Three threshold modes are available:

| Mode | Threshold | Description |
|------|-----------|-------------|
| `"bestf1"` | 0.29 | Maximizes F1 score (balanced sensitivity/specificity) |
| `"default"` | 0.50 | Standard sigmoid cutoff |
| `"spec95"` | 0.64 | Targets 95% specificity (conservative, fewer false positives) |

### CLI Example

```bash
python inference.py \
    --checkpoint model.safetensors \
    --current_image /path/to/current.png \
    --previous_image /path/to/previous.png
```


## Preprocessing Raw Images

> **Note:** This preprocessing is **not** applied automatically.
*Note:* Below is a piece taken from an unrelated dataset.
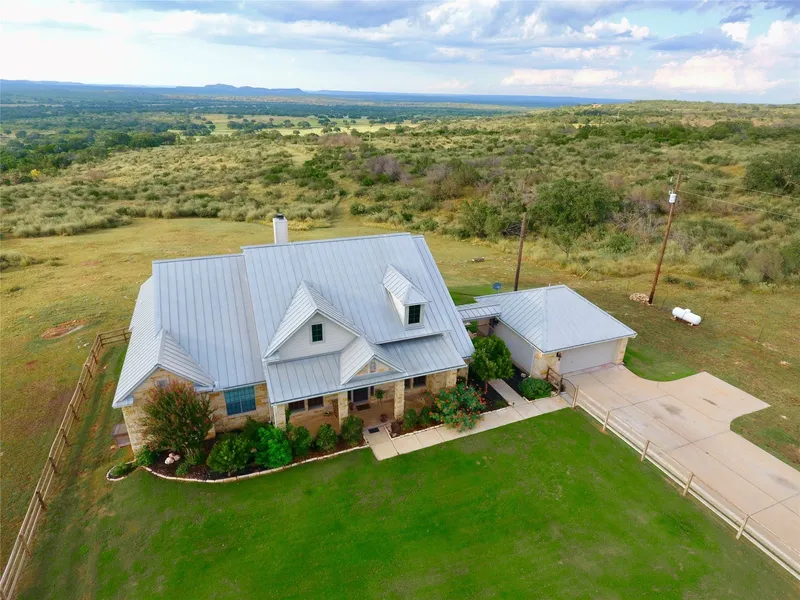In the heart of the Texas Hill Country, a one story custom home on 10 acres is perfectly situated on elevated homesite, offering a sought after panoramic view of PackSaddle Mountain. Enjoy gorgeous sunsets from your expansive patio, overlooking a pristine area surrounded by larger tracts of land providing seclusion, privacy & peaceful tranquility. Rooms are of generous proportions. Featuring an array of upgrades, this home includes a gourmet kitchen with granite island, solid wood cabinetry, 24gauge Galvalume Roof 50 year life, built in bookshelves, crown molding, massive stone fireplace with custom mesquite mantel, stone archways & plantation shutters. Exterior is Texas Limestone featuring two dormers. Primary Retreat offers wall of floor to ceiling windows displaying stunning views. Primary bath features a soaking tub & separate shower. Don't miss this rare opportunity to own a Hill Country gem with amazing views! Schedule your private tour today!

Run it as a separate step before model inference.

If your chest X-rays are raw (e.g., DICOM-derived PNGs with varying bit depths, black borders, or 16-bit depth), preprocess them first:

```python
import cv2
from preprocess import preprocess_image

img = preprocess_image("raw_cxr.png")
cv2.imwrite("preprocessed.png", img)
```

The pipeline applies:
1. **Read as-is** — preserves original bit depth (supports 8-bit and 16-bit PNGs)
2. **Windowing** — clips to `mean +/- 2*std`, normalizes to [0, 1]
3. **Black padding removal** — contour-based crop
4. **Aspect-ratio-preserving resize** — longest side to 512px (configurable)

```bash
# CLI usage
python preprocess.py --input raw.png --output preprocessed.png
```

If your images are already preprocessed (contrast-normalized, cropped, resized grayscale PNGs), you can skip this step and feed them directly to the model.

## Input Format

- **Image format**: Grayscale chest X-ray (PNG, JPEG)
- **Model input**: Resize to 512px (shorter side), center crop to 448x448, repeat to 3 channels (handled by the transform in `inference.py`)
- **Pair**: Current (follow-up) image + Previous (baseline) image of the same patient
- **Dtype**: `torch.bfloat16` recommended on GPU, `torch.float32` on CPU

## Files

| File | Description |
|------|-------------|
| `model.safetensors` | Model weights (613 MB, image + text + classifier) |
| `config.json` | Model configuration (for AutoModel support) |
| `configuration_tila.py` | TILAConfig class |
| `model.py` | Self-contained model architecture |
| `processor.py` | Image processor (raw image → model-ready tensor) |
| `preprocess.py` | Medical image preprocessing utilities |
| `inference.py` | Example inference script |

## Citation

If you use this model, please cite:

```bibtex
@inproceedings{ko2026tila,
  title={Temporal Inversion for Learning Interval Change in Chest X-Rays},
  author={Ko, Hanbin and Jeon, Kyeongmin and Choi, Doowoong and Park, Chang Min},
  booktitle={CVPR},
  year={2026},
  url={http://arxiv.org/abs/2604.04563}
}
```

## Acknowledgements

This model builds upon [BioViL-T](https://huggingface.co/microsoft/BiomedVLP-BioViL-T) by Microsoft Research:

```bibtex
@inproceedings{bannur2023biovilt,
  title={Learning to Exploit Temporal Structure for Biomedical Vision-Language Processing},
  author={Bannur, Shruthi and Hyland, Stephanie and Liu, Qianchu and Perez-Garcia, Fernando and Oktay, Ozan and Naumann, Tristan and Nori, Aditya and Alvarez-Valle, Javier},
  booktitle={CVPR},
  year={2023}
}
```

## License

This model is released under the [MIT License](LICENSE).